2

I have a pyspark dataframe with 3 columns:

ID, each appearing multiple times; DATE; DELAY, 0 if this bill was payed on time, 1 otherwise.

It's already ordered by ID and DATE. I need to create a column named CONSECUTIVE that shows how many consecutive bills were paid consecutively with DELAY=1 for each ID.

Example of data, and expected result:

ID    | DATE  | DELAY  | CONSECUTIVE
101   | 1     | 1      | 1
101   | 2     | 1      | 2
101   | 3     | 1      | 3
101   | 4     | 0      | 0
101   | 5     | 1      | 1
101   | 6     | 1      | 2
213   | 1     | 1      | 1
213   | 2     | 1      | 2

Is there a way to do it without using Pandas?
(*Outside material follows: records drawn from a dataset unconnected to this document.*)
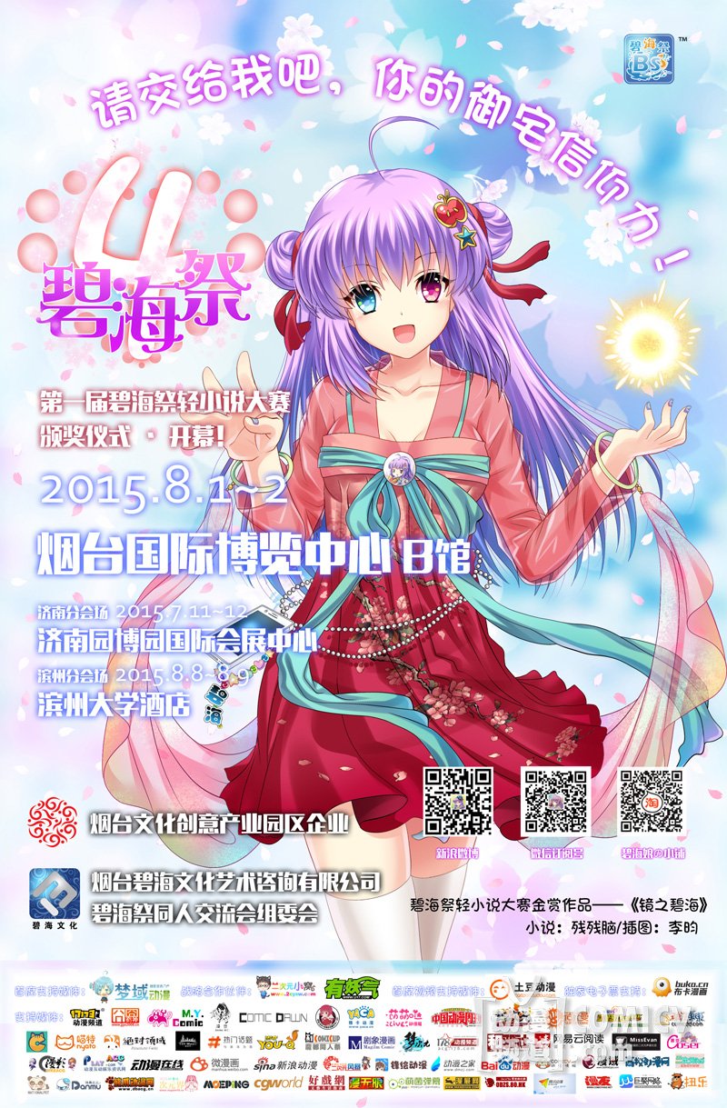 2、分会场大作战:本次碧海祭已确定两处省内分会场:济南分会场——7月11-12日,济南园博园国际会展中心,萌荷3夏日同人祭;滨州分会场——8月8-9日,滨州大学酒店,凤鸾滨州FL夏日祭。碧海娘将会亲临现场与当地小伙伴们互动!一起High起来吧~!
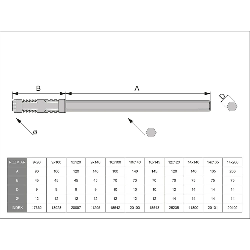 - ☛ Średnica kołka: 14 mm
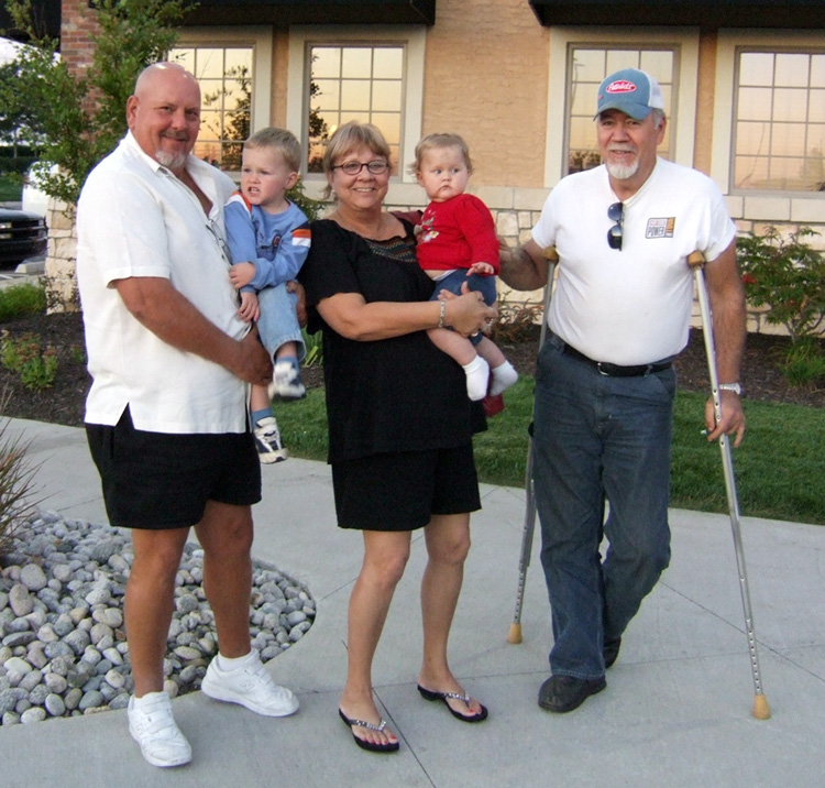 Today, Big John’s Trucking operates four trucks, four step-decks and two RGN lowboys, all of which can be linked to Clint Moore in one way or another. Big John has been a great customer for Clint over the years, but more importantly, he has become an even better friend. The picture above shows Big John and his wife Miss Linda holding Clint’s two small children, and that’s Clint’s dad Dave on the crutches.
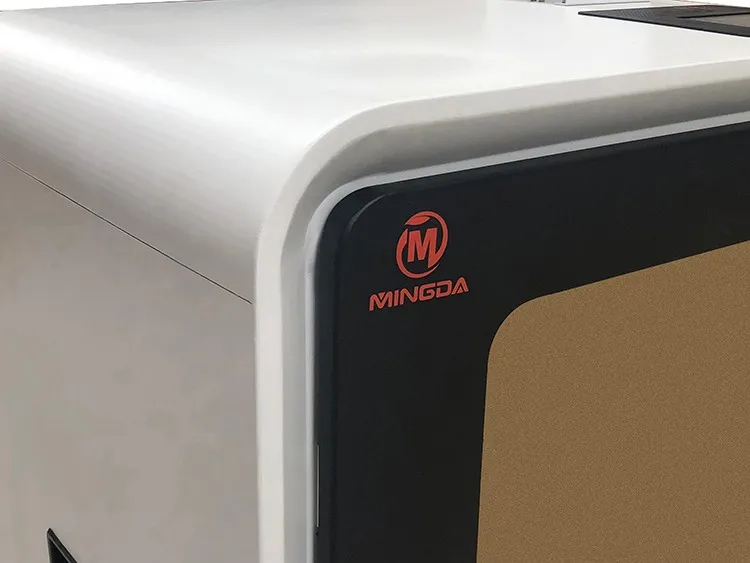The fully enclosed chamber can block all external interference. Also this frame can reduce noises, at the same time to provide constant temperature, so that the model won't deform. Mingda 3D Printer Round corner design, compared to straight triangles, this design more safer to prevent scratched both children and adult.

If so, how do I do it?

mccintra
  • 21
  • 2
  • 1
    Possible duplicate of [Python Spark Cumulative Sum by Group Using DataFrame](https://stackoverflow.com/questions/45946349/python-spark-cumulative-sum-by-group-using-dataframe) – pault Jul 11 '18 at 20:06
  • See the dupe target- you're looking for something like `df.withColumn('CONSECUTIVE', F.sum('DELAY').over(Window.partitionBy('ID').orderBy('DATE').rangeBetween(Window.unboundedPreceding, 0))` – pault Jul 11 '18 at 20:08

1 Answers1

0

You can do this with 3 transformation with help of window.

from pyspark.sql.window import Window
from pyspark.sql import functions as F

df = sqlContext.createDataFrame([
    (101, 1, 1),
    (101, 2, 1), # dasd
    (101, 3, 0),
    (101, 4, 1)
], ["id", 'date', 'delay'])

window = Window.partitionBy('id').orderBy('date')
last_value = F.last('rank').over(window.rowsBetween(-2, -1))
consecutive = F.when( F.col('delay')==0, 0) \
            .otherwise( F.when(F.col('last_rank').isNull(), 1) \
            .otherwise( F.col('last_rank')+1))

df \
    .withColumn('rank', F.row_number().over(window)) \
    .withColumn('rank', F.when(F.col('delay')!=0, F.col('rank')).otherwise(0)) \
    .withColumn('last_rank', last_value) \
    .withColumn('consecutive', consecutive).show()

results:

+---+----+-----+----+---------+-----------+
| id|date|delay|rank|last_rank|consecutive|
+---+----+-----+----+---------+-----------+
|101|   1|    1|   1|     null|          1|
|101|   1|    1|   2|        1|          2|
|101|   1|    0|   0|        2|          0|
|101|   1|    1|   4|        0|          1|
+---+----+-----+----+---------+-----------+
hamza tuna
  • 1,467
  • 1
  • 12
  • 17